Wow.
How fucked up is the situation on the ground in Ireland?
You have the dregs of the planet sleeping on your church grounds, and another of them tried to grab a kid in the inner city area. Maybe he was looking to keep himself warm. Maybe not. Hope the kid's okay? Holy shit - what a cluster-fuck you saps are in. The absolute fucking state of Ireland lately? Man, if you guys could see this through my eyes you'd likely want to poke them out and blind yourselves.
One thousand seven hundred men - all wandering around the capital city at night looking for food, warmth, little kids, a tent and a sleeping bag, some weed, some credit for the phone to Skype back home to Syria and Nigeria. A shop to kick the windows in for fresh tracksuits. Fuck. There was an article on the Finnish news last night about the situation you daft bastards are after landing yourselves in.

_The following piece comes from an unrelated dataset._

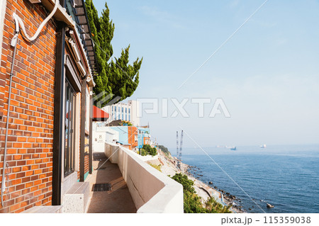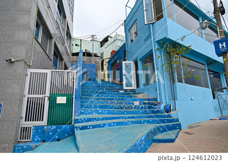 韓国 釜山 ヒンヨウル文化村 海 青空 街並み

Cluster-fuck doesn't even begin to cover it.
What are you going to do?
And who the fuck is Lucky Khambule?
Does anybody know what the fuck is going on in your parliament?
People are starting to laugh at you, and I don't mean in harmony or in cahoots with you: but at you, right into your face. The sniggering from some of the folks on the news panel last night was kind of embarrassing but only for as long as it took to remind myself that it's things like the current shit-show that changed my mind about sticking around. You're fucking hopeless, and I mean that in the truest sense: ask yourself? If you were to try to trace back all the steps taken to get you to where you are right now, could you plot a course through it, or would you simply crumble and admit that the madness has all gotten way too far out of hand to rein back in?
Boggles my mind.
And there's RTE popping the champagne corks as Bryan Dobson retires and Dee Forbes is still on her period?
Can you fools get anything right?
Fucking hell - I was planning on coming home for a long weekend this week but after seeing what's going on over there - well, fuck that for a game of soldiers. You fuckers are sinking fast. Real fast. It's far too out of hand to stop the roller-coaster now. You're just going to have to hang on tight and wait until the juice runs out.
Sadly for you, I find your current situation hilarious, utterly fucking nuts.
Only the Irish could drop a bomb on themselves as big and nasty as this one.